_Instructions for the task_.
A faithful copy of all the data is the goal; omit the pictures.

_Records provided_.
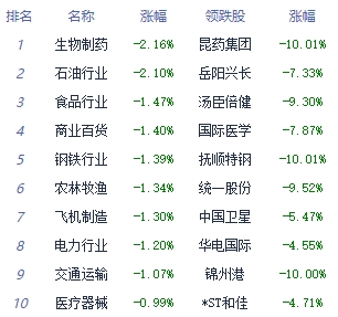 A股市场板块及个股涨跌幅排行
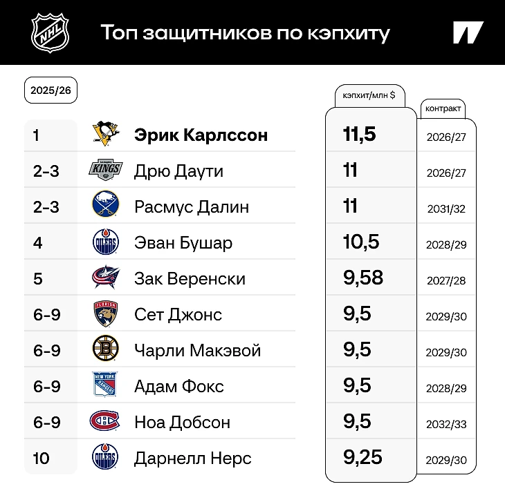 ● Дальнейший топ без изменений по сравнению с прошлым годом – в отличие от рейтинга реальных зарплат. Лидер – Карлссон, за ним вровень Дрю Даути и Расмус Далин с 11 млн. Через два года контракты шведского и канадского ветеранов истекут, но Далина это лидером не сделает: вряд ли лучший защитник НХЛ Макар, чье соглашение также действует до лета 2027-го, получит меньше 11 млн.
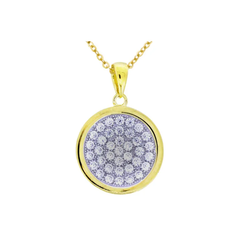 Halsband med glittrande stenar på runt smycke, guldförgyllt äkta silver.
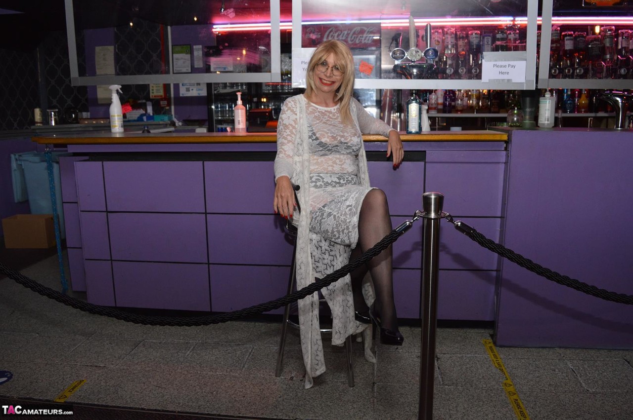 الناضجة البريطانية الهواية باربي، فوق الخمسين، تتعرى حتى الجوارب والكعب العالي والملابس الداخلية في سينما جنسية، تفتح ساقيها المحلوقة لتبرز ثدييها الكبيرين لعشاق بورنو الجوارب الحقيقيين.
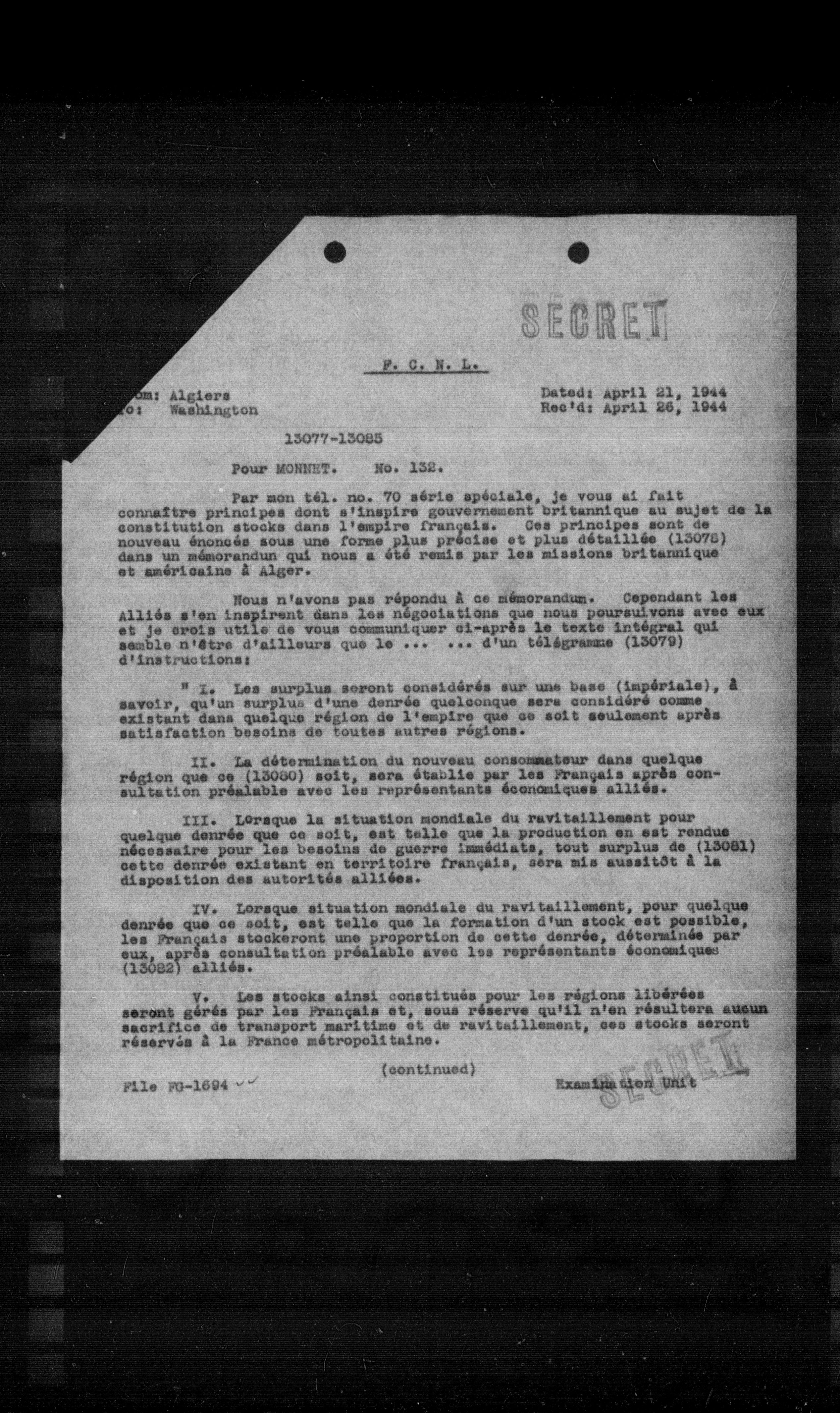 Par mon tel. no. 70 série spéciale, je vous ai fait connaitre principes dont a'inspire gouvernement britannique au sujet de la constitution stocks dans l'empire français. Ces principes sont de nouveau énoncés sous une forme plus précise et plus détaillée (13075) dans un mémorandum qui nous a été remis par les missions britannique et américaine à Alger.
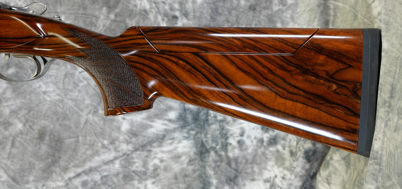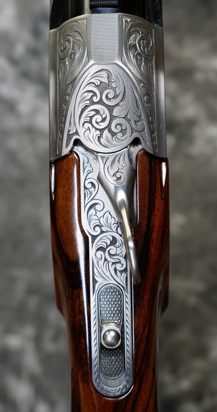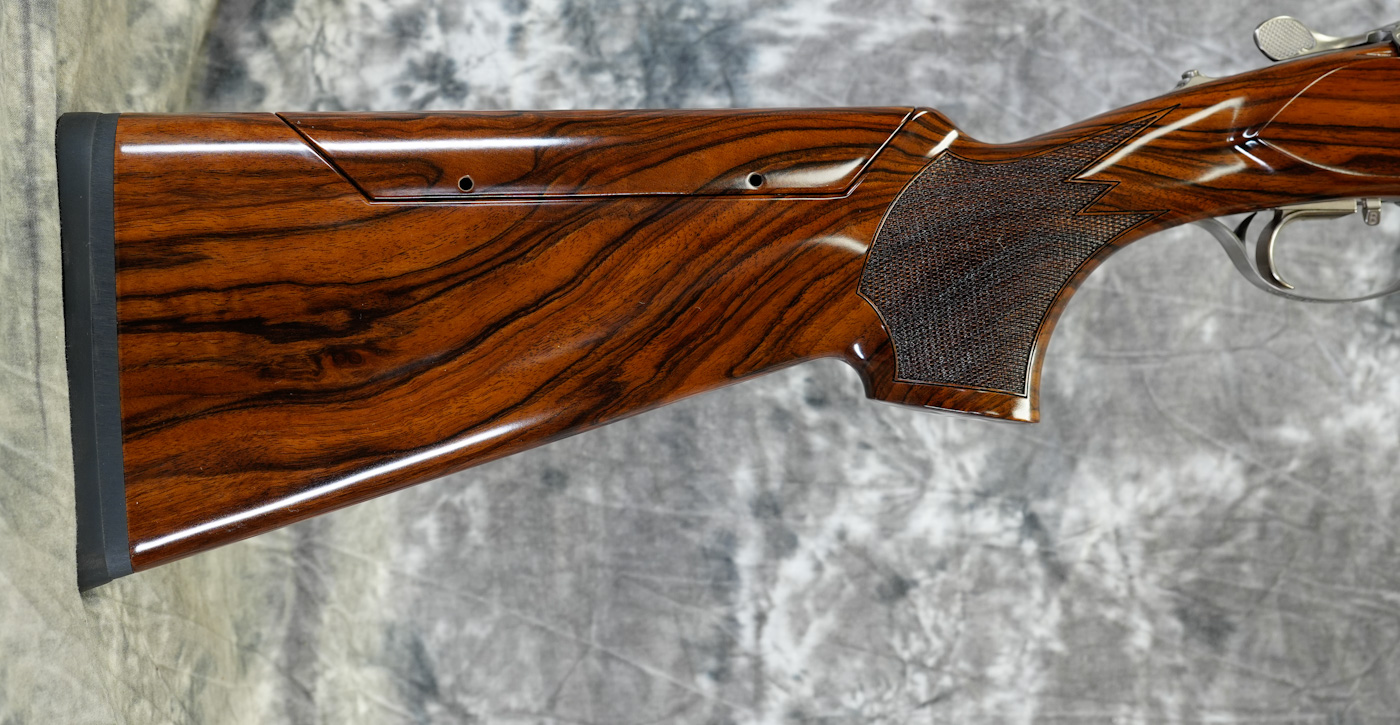 New Krieghoff K-80 San Remo Parcour X Sporting 12GA with 32″ KTW Pro Choked barrels. Nitride finished action featuring deeply engraved scrolls and game scenes by German Master Engraver Kropfitsch Factory pistol grip sporting stock with right-hand palmswell, factory adjustable comb and slim sporting forearm. Includes factory chokes, tools and case. Call 626-633-1002 for pricing.

_Output for this exercise_.
 A股市场板块及个股涨跌幅排行
 ● Дальнейший топ без изменений по сравнению с прошлым годом – в отличие от рейтинга реальных зарплат. Лидер – Карлссон, за ним вровень Дрю Даути и Расмус Далин с 11 млн. Через два года контракты шведского и канадского ветеранов истекут, но Далина это лидером не сделает: вряд ли лучший защитник НХЛ Макар, чье соглашение также действует до лета 2027-го, получит меньше 11 млн.
 Halsband med glittrande stenar på runt smycke, guldförgyllt äkta silver.
 الناضجة البريطانية الهواية باربي، فوق الخمسين، تتعرى حتى الجوارب والكعب العالي والملابس الداخلية في سينما جنسية، تفتح ساقيها المحلوقة لتبرز ثدييها الكبيرين لعشاق بورنو الجوارب الحقيقيين.
 Par mon tel. no. 70 série spéciale, je vous ai fait connaitre principes dont a'inspire gouvernement britannique au sujet de la constitution stocks dans l'empire français. Ces principes sont de nouveau énoncés sous une forme plus précise et plus détaillée (13075) dans un mémorandum qui nous a été remis par les missions britannique et américaine à Alger.
 New Krieghoff K-80 San Remo Parcour X Sporting 12GA with 32″ KTW Pro Choked barrels. Nitride finished action featuring deeply engraved scrolls and game scenes by German Master Engraver Kropfitsch Factory pistol grip sporting stock with right-hand palmswell, factory adjustable comb and slim sporting forearm. Includes factory chokes, tools and case. Call 626-633-1002 for pricing.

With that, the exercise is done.